Optical properties and carrier dynamics in Co-doped ZnO nanorods

TL;DR

This study investigates how Co doping modifies the optical and electronic properties of ZnO nanorods, showing enhanced visible light absorption and improved photoelectric efficiency, with surface defects playing a key role.

Contribution

It provides new insights into how transition metal doping, specifically cobalt, can be used to tune the optoelectronic properties of ZnO nanorods for potential applications.

Findings

Co doping extends light absorption into visible spectrum

Surface defects influence electronic behavior significantly

1% Co doping improves IPCE of ZnO nanorods

Abstract

The controlled modification of the electronic properties of ZnO nanorods via transition metal doping is reported.
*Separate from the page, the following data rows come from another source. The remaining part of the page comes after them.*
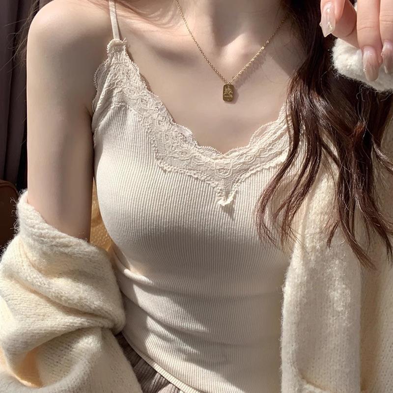 德绒保暖吊带背心女2025新款 秋冬内搭加绒发热无痕带胸垫一体内衣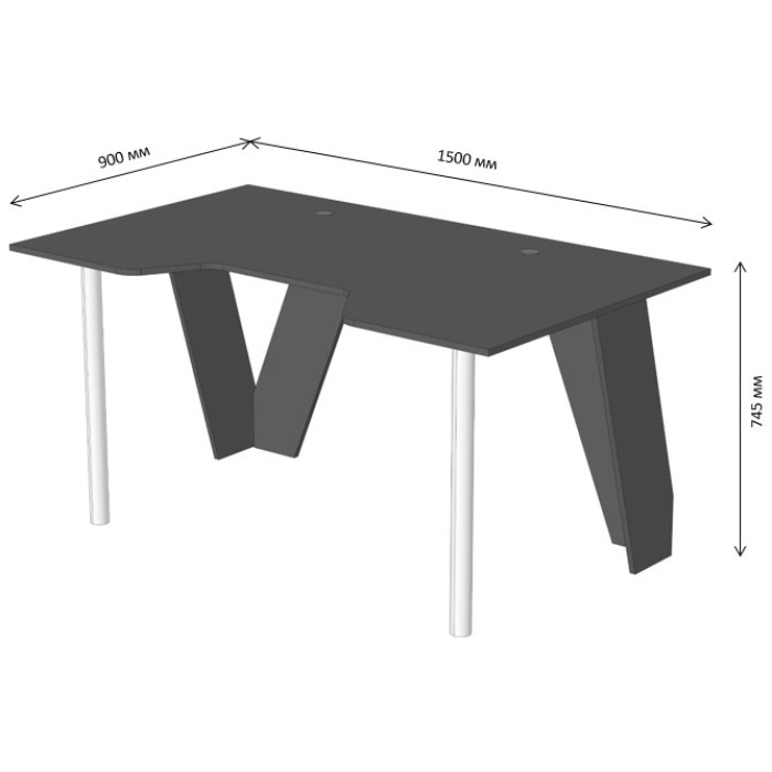 • Широкая рабочая поверхность (1500 мм) предоставляет достаточное место для размещения клавиатуры, мыши и других устройств, создавая комфортное рабочее место.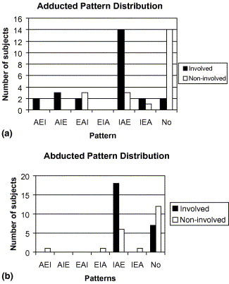 일차성, 오십견의 경우는 약 2년부터 2년 반 정도 시간이 지나면 회복이 되면 나타났으며 탈구, 골절 등에 오랫동안 고정 후 생긴 오십견의 경우는 1년 정도 걸립니다.특발성, 오십견의 가동 범위 소실의 특징 Rundquist, P.J.&Ludewig, P.M.(2004). Patterns of motion loss in subjects with idiopathic loss of shoulder range of motion.Clinical biomechanics, 19(8), 810-818. 오십견은 어깨를 거듭하고 있어 관절낭 조직의 유착성 염증이라고 불리고 있지 못하는 조직을 검사하면 유착(Adhesion)보다는 섬유화(fibrotic change) 되고 탄성을 잃고 가동 범위에 제한이 생긴다고 합니다.그래서 대부분의 오십견은 관절을 거듭하고 있어 관절낭의 주행 방향에 따른 일정한 패턴이 있고 그 패턴에 따라서 가동 범위가 시작된다고 합니다.(capsular pattern:우에후에 전- 뻗친 적 나의 회전-굴곡)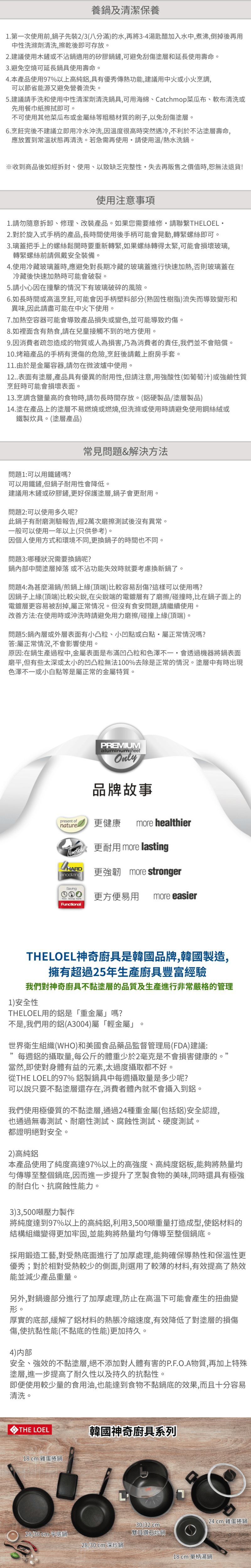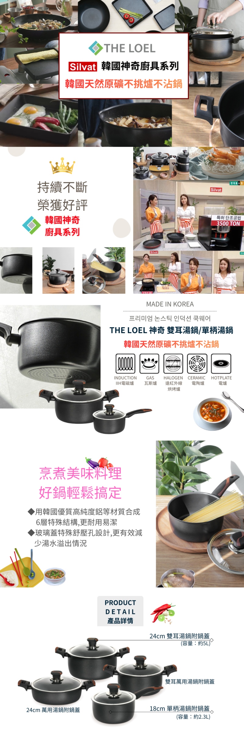 產品名稱:THE LOEL 韓國天然原礦不挑爐不沾鍋 24cm耐磨雙耳湯鍋(附鍋蓋)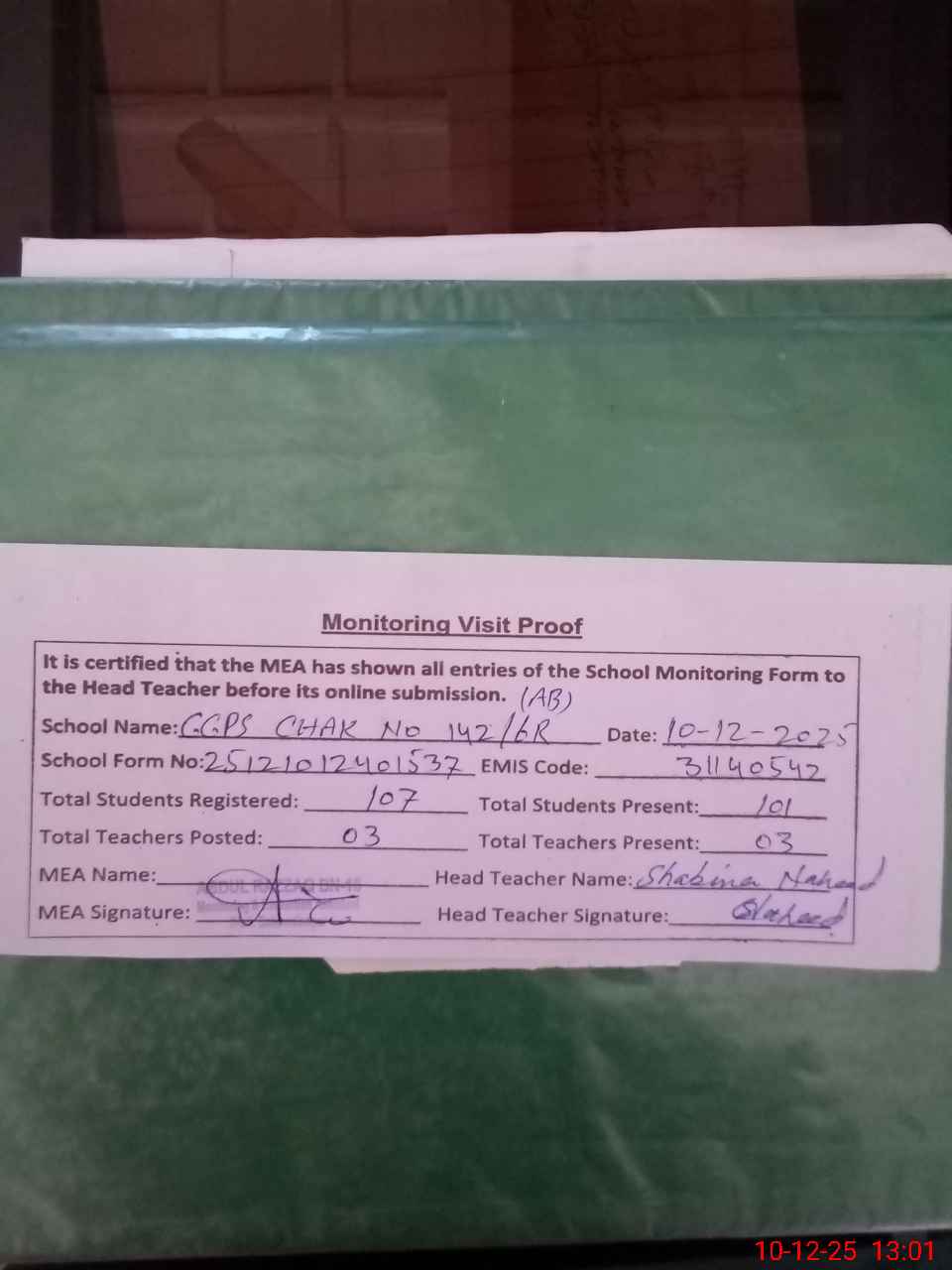 | Attendance Register | Head Teacher | MEA with School | Visit Proof |

A series of ZnO nanorods were synthesized by chemical bath growth with varying Co content from 0 to 20 atomic % in the growth solution. Optoelectronic behavior was probed using cathodoluminescence, time-resolved luminescence, transient absorbance spectroscopy, and the incident photon-to-current conversion efficiency (IPCE). Analysis indicates the crucial role of surface defects in determining the electronic behavior. Significantly, Co-doping extends the light absorption of the nanorods into the visible region, increases the surface defects, shortens the non-radiative lifetimes, while leaving the radiative lifetime constant. Furthermore, for 1 atomic % Co-doping the IPCE of the ZnO nanorods is enhanced. These results demonstrate that doping can controllably tune the functional electronic properties of ZnO nanorods for applications.